Copy all the lines of the data that include the word "inguruan".

• [GIVEN DATA]:
--

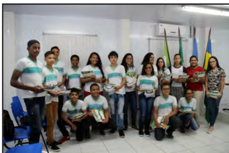
Recepção aos estudantes do curso de Robótica para o Ensino Fundamental (julho/2018)
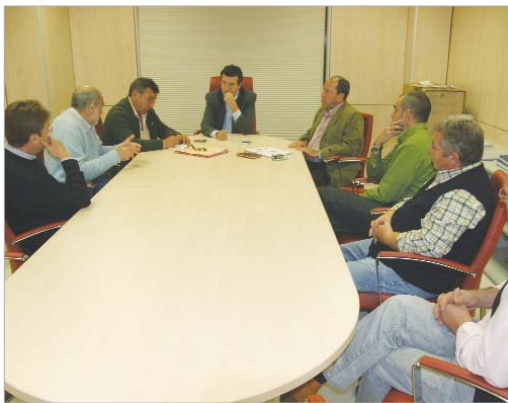
El alcalde hablando del futuro de la Azucarera con los sindicatos.
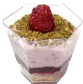
GARDENIA 9 CL GARDENIA 9 CL
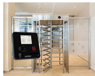
Terminal for access control
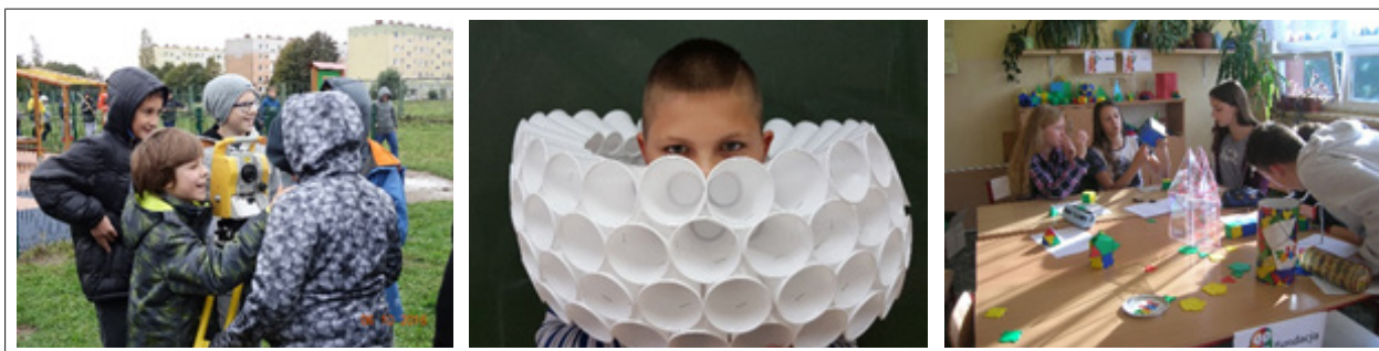
Fot. (od lewej): 1. Szkoła Podstawowa z Oddziałami Integracyjnymi nr 10 im. Polonii w Słupsku; 2. Szkoła Podstawowa nr 14 im. Kawalerów Orderu Uśmiechu w Rudzie Śląskiej; 3. Gimnazjum nr 23 z Oddziałami Integracyjnymi im. Ratowników Górskich w Katowicach

W 2016 roku mBank otrzymał za program grantowy „mPotęga” nagrodę Złotego Bankiera w kategorii „Bank wrażliwy społecznie.”
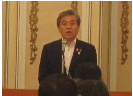
来賓挨拶：神野 一仁 [愛媛県副知事] (愛媛県知事代理)
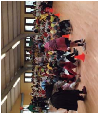
Landaberiako ikasketen erakundearen inguruan ikasten diren ikasleak.

berri eman eta berrikuntzak azpimarratu nahi izan dituzte. Herriko hezkuntza ibilbideari dagokionez, 0-3 urte inguruan hasian artu gara herrian daukan ikasketarako aukerak. Datoren ikastetxerik ez dagoen bitartean, Haur Hezkuntza, 2-5 urte, eta

--

• [WRITTEN ANSWER]:
Landaberiako ikasketen erakundearen inguruan ikasten diren ikasleak.
berri eman eta berrikuntzak azpimarratu nahi izan dituzte. Herriko hezkuntza ibilbideari dagokionez, 0-3 urte inguruan hasian artu gara herrian daukan ikasketarako aukerak. Datoren ikastetxerik ez dagoen bitartean, Haur Hezkuntza, 2-5 urte, eta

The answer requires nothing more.